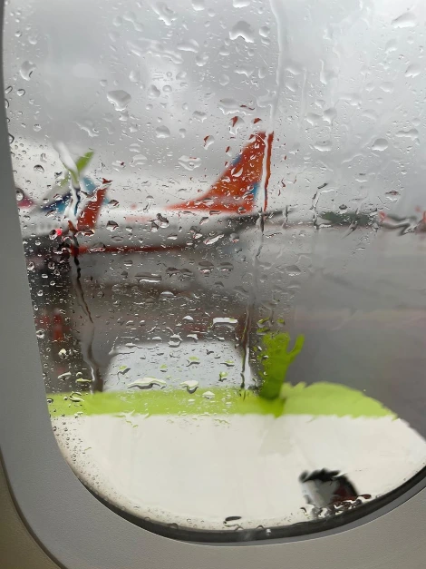 비행기에 탑승했다. 이렇게 비가 쏟아지는데 과연 비행기가 뜰 수 있는걸까. 걱정이 좀 되어 창 밖을 찍어봤다. (사진으로는 표현이 잘 안된다. 나는 사진은 안되나보다.)
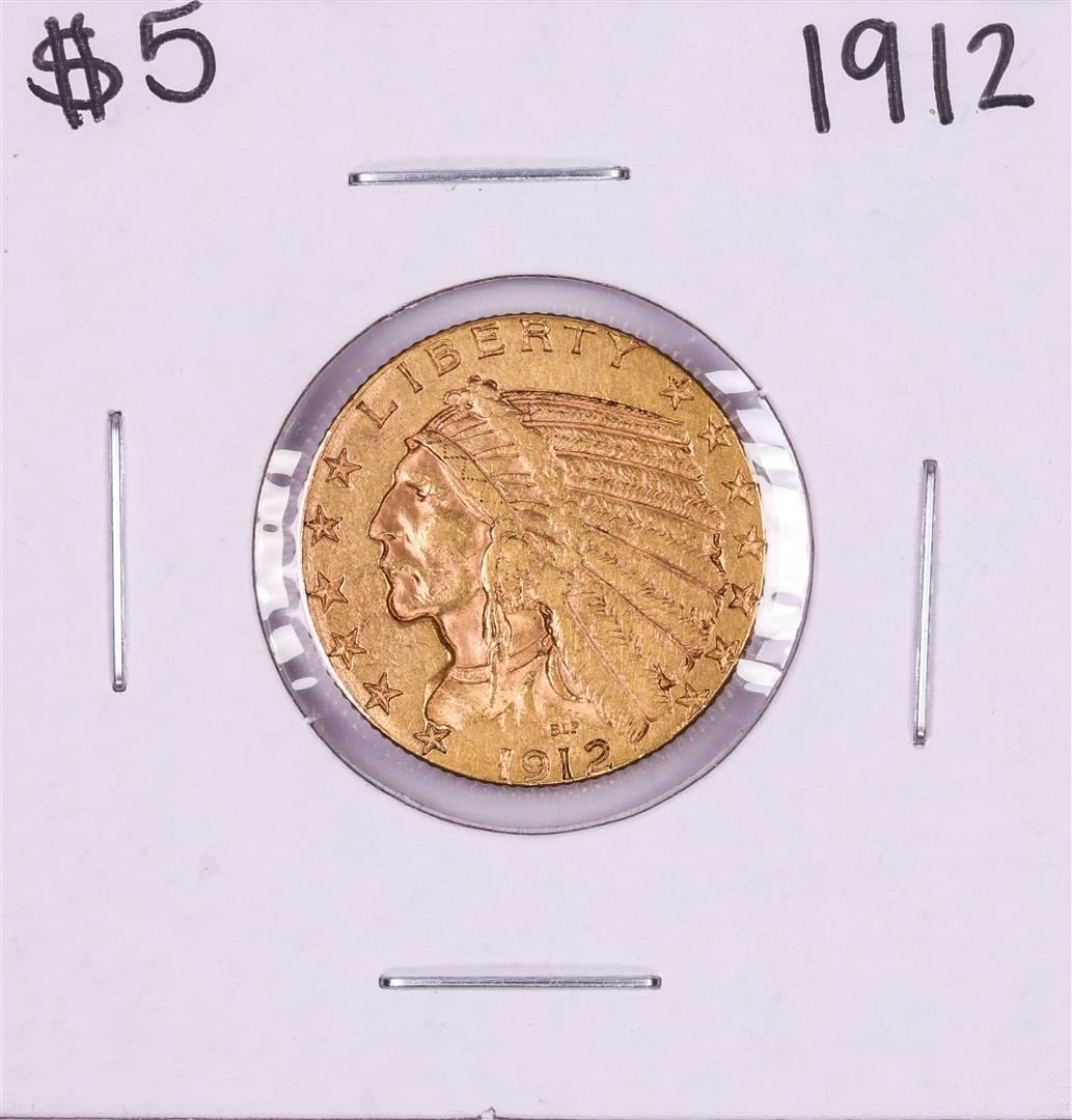One 1912 $5 Indian Head Half Eagle Gold Coin.
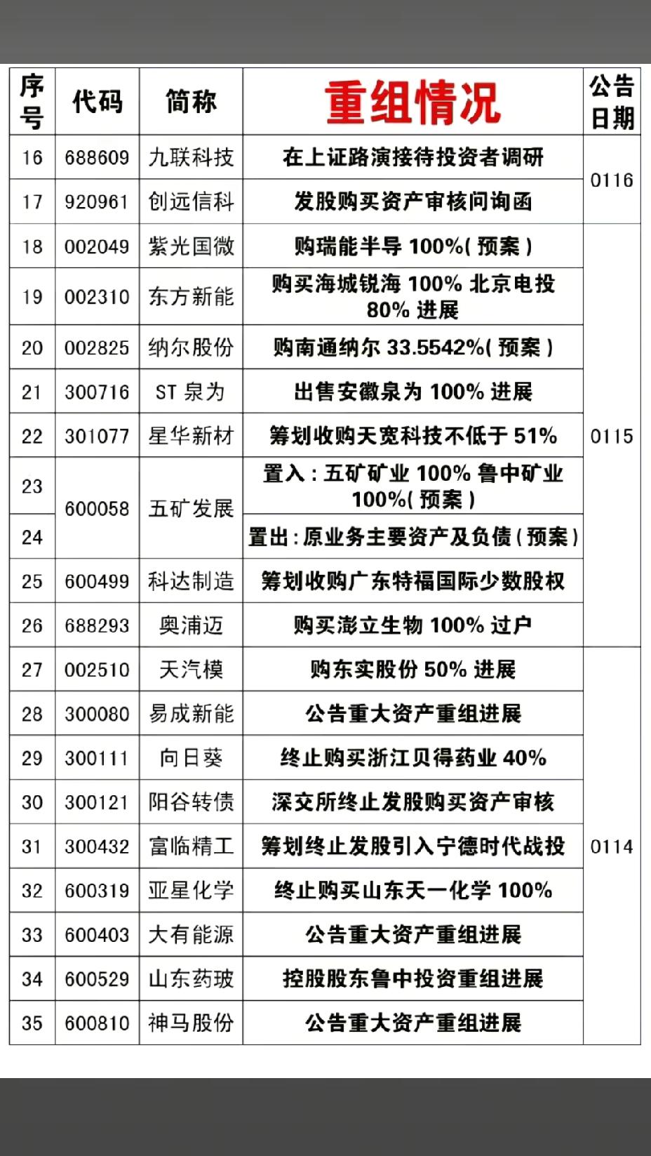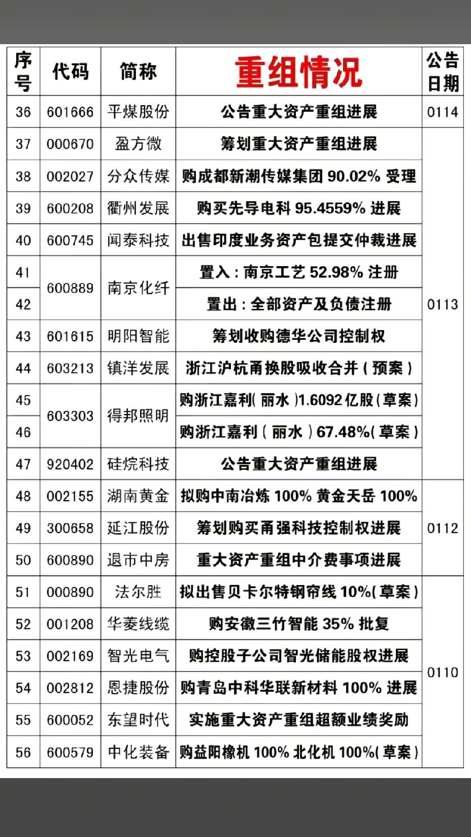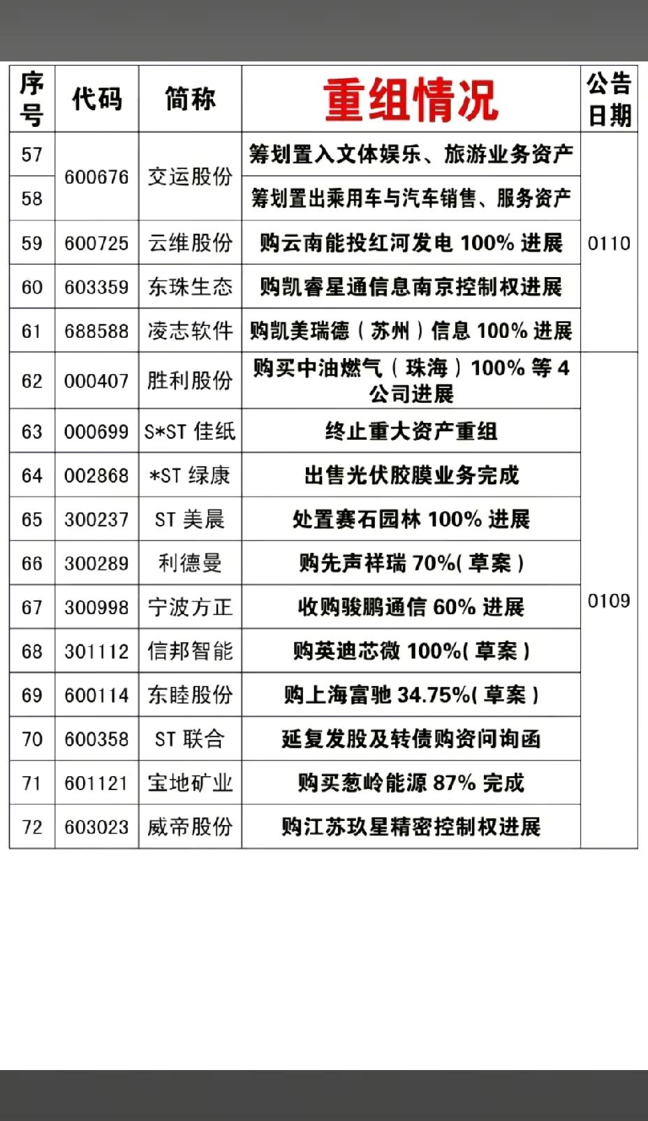 1月18日,下周A股这些股票有望大涨!!! 72家公司披露资产重组情况,重点关注:中成股份购中技江苏清洁能源100%,后市值得高看一眼;时空科技收购深圳嘉合劲威电子100%进展,后市值得重点关注;通业科技拟现金购买思凌科91.69%进展,后市值得期待!!!
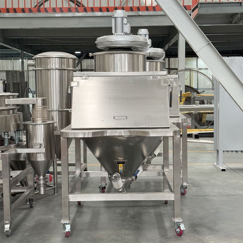 Podstawową zasadą działania jest synergia usunięcia pyłu pod ciśnieniem ujemnym i fizycznej izolacji.tworzenie stabilnego ciśnienia ujemnego w hopperze do podawania, który tłumi latający pył z ukierunkowanym przepływem powietrza i wciąga go do zintegrowanego systemu filtracji, osiągając w ten sposób oddzielenie pyłu od powietrza.To urządzenie może znacząco poprawić otoczenie warsztatuJest szeroko stosowany w takich gałęziach przemysłu, jak żywność i chemikalia, które mają rygorystyczne wymagania dotyczące czystości.
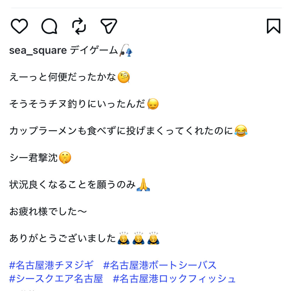 SEA SQUARE NAGOYA【シースクエア名古屋】 > 釣果情報 > お知らせ > デイゲーム
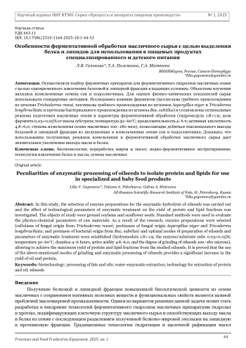 Статья: Особенности ферментативной обработки масличного сырья с целью выделения белка и липидов для использования в пищевых продуктах специализированного и детского питания (2025)
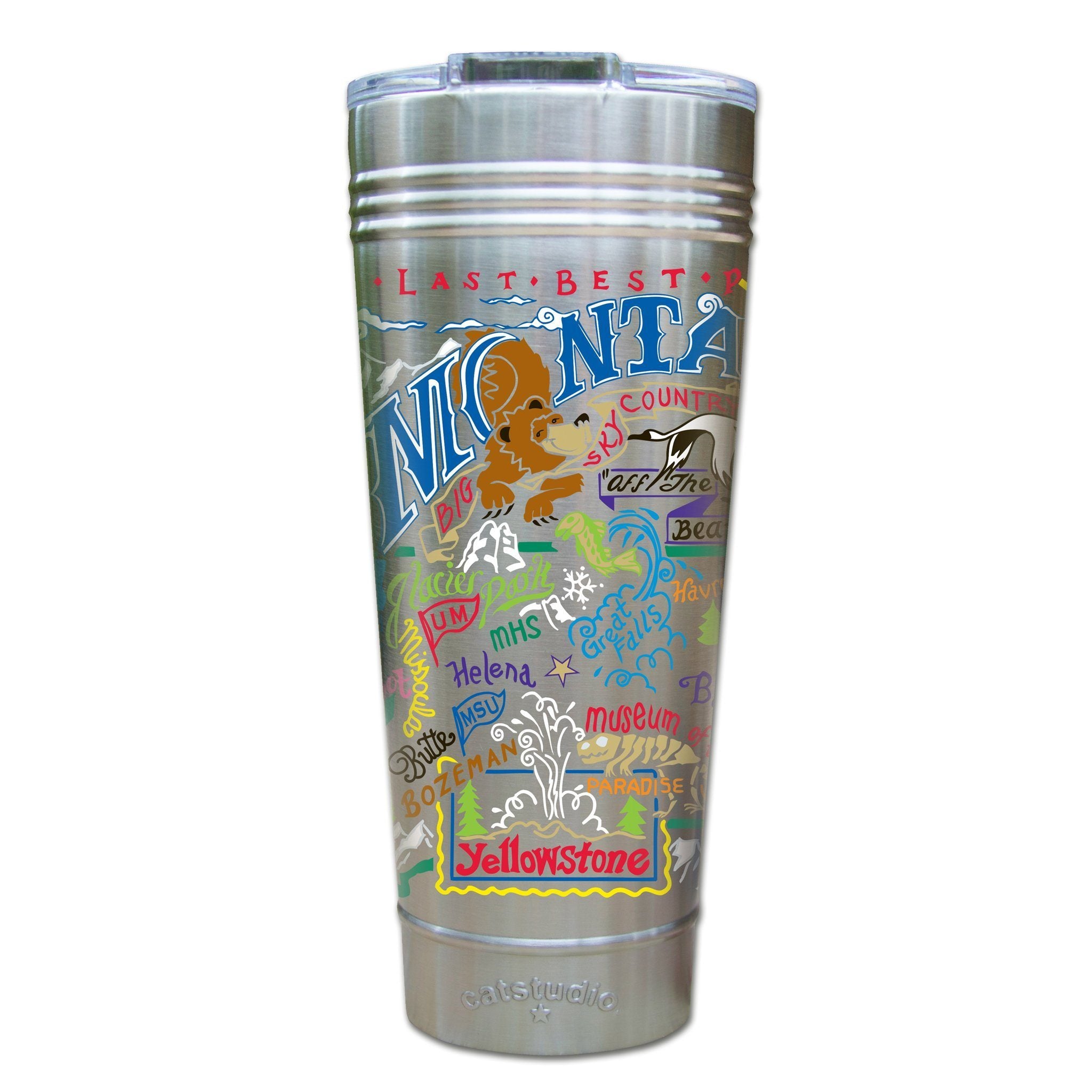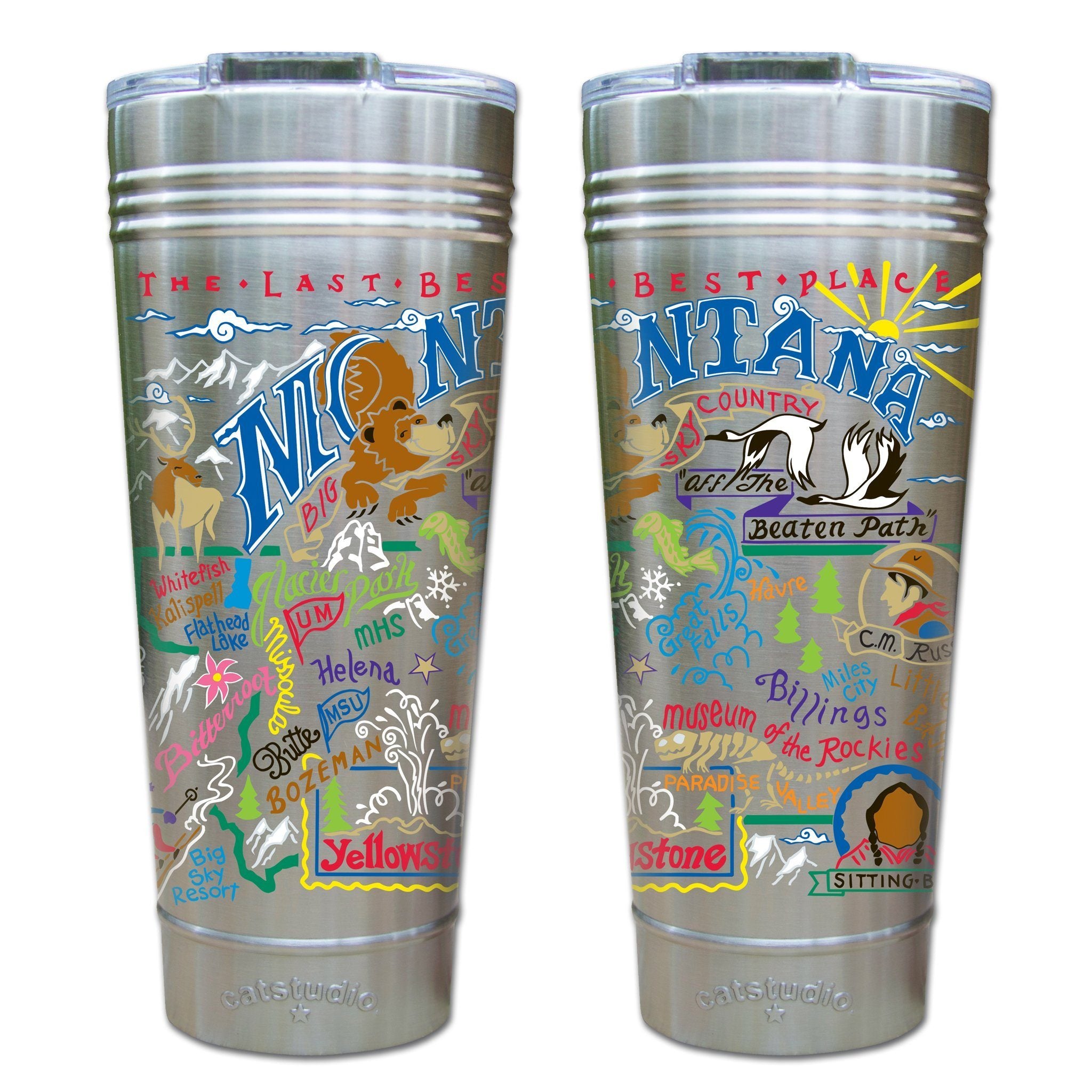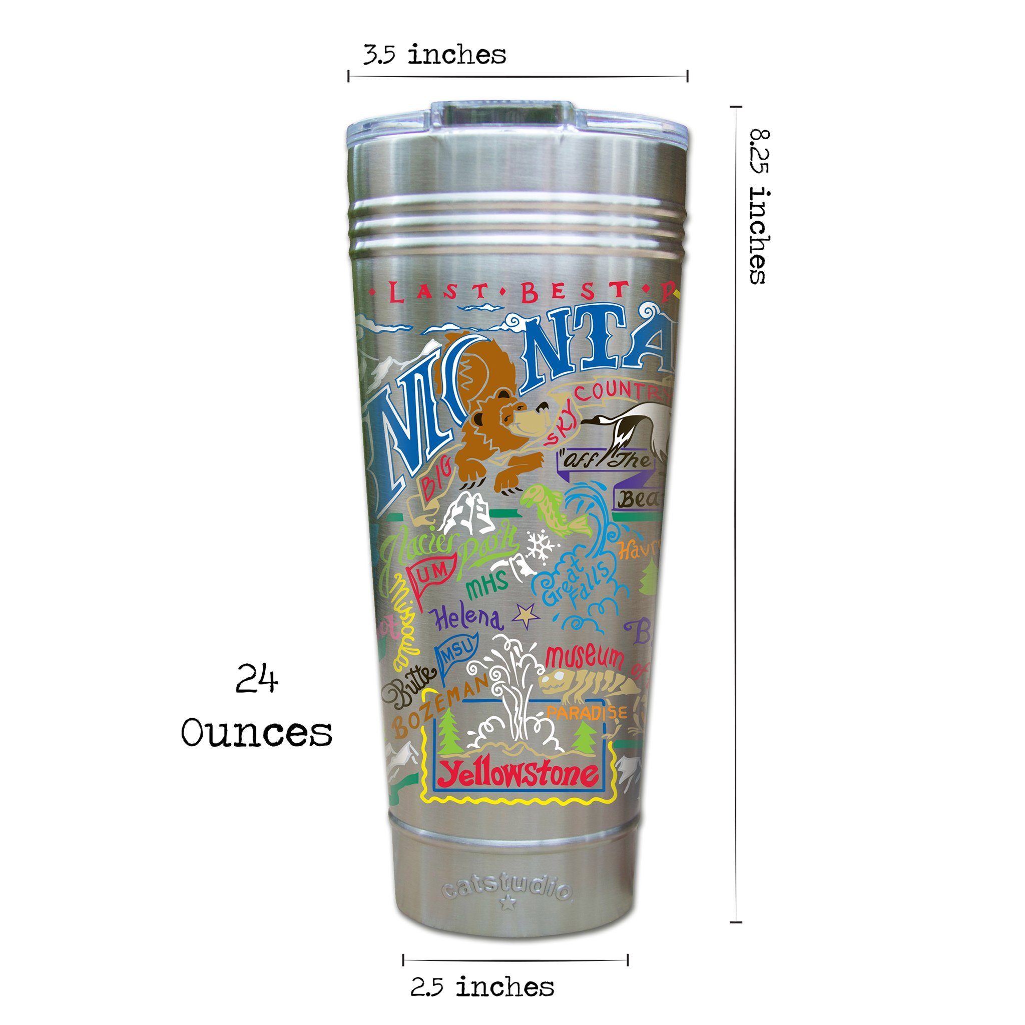They don't call it THE LAST BEST PLACE for nothing! This original design celebrates the State of Montana - from Bozeman, Billings, Big Mountain - BIG SKY COUNTRY and totally Beautiful!!!Our original art is now available to bring along on all your on-the-go adventures. This triple-walled 24 ounce thermal tumbler amazingly keeps beverages HOT for 4 hours and COLD for 6 hours. Add ice for up to 12 hours of cool sipping! Features a thoughtfully-engineered magnetic closure and a non-slip bottom to prevent spills and wet marks on surfaces. Innovation at its finest. Yippee!

The task >> Omit the pictures; set down each record exactly.

Completed exercise >>
 비행기에 탑승했다. 이렇게 비가 쏟아지는데 과연 비행기가 뜰 수 있는걸까. 걱정이 좀 되어 창 밖을 찍어봤다. (사진으로는 표현이 잘 안된다. 나는 사진은 안되나보다.)
One 1912 $5 Indian Head Half Eagle Gold Coin.
 1月18日,下周A股这些股票有望大涨!!! 72家公司披露资产重组情况,重点关注:中成股份购中技江苏清洁能源100%,后市值得高看一眼;时空科技收购深圳嘉合劲威电子100%进展,后市值得重点关注;通业科技拟现金购买思凌科91.69%进展,后市值得期待!!!
 Podstawową zasadą działania jest synergia usunięcia pyłu pod ciśnieniem ujemnym i fizycznej izolacji.tworzenie stabilnego ciśnienia ujemnego w hopperze do podawania, który tłumi latający pył z ukierunkowanym przepływem powietrza i wciąga go do zintegrowanego systemu filtracji, osiągając w ten sposób oddzielenie pyłu od powietrza.To urządzenie może znacząco poprawić otoczenie warsztatuJest szeroko stosowany w takich gałęziach przemysłu, jak żywność i chemikalia, które mają rygorystyczne wymagania dotyczące czystości.
 SEA SQUARE NAGOYA【シースクエア名古屋】 > 釣果情報 > お知らせ > デイゲーム
 Статья: Особенности ферментативной обработки масличного сырья с целью выделения белка и липидов для использования в пищевых продуктах специализированного и детского питания (2025)
They don't call it THE LAST BEST PLACE for nothing! This original design celebrates the State of Montana - from Bozeman, Billings, Big Mountain - BIG SKY COUNTRY and totally Beautiful!!!Our original art is now available to bring along on all your on-the-go adventures. This triple-walled 24 ounce thermal tumbler amazingly keeps beverages HOT for 4 hours and COLD for 6 hours. Add ice for up to 12 hours of cool sipping! Features a thoughtfully-engineered magnetic closure and a non-slip bottom to prevent spills and wet marks on surfaces. Innovation at its finest. Yippee!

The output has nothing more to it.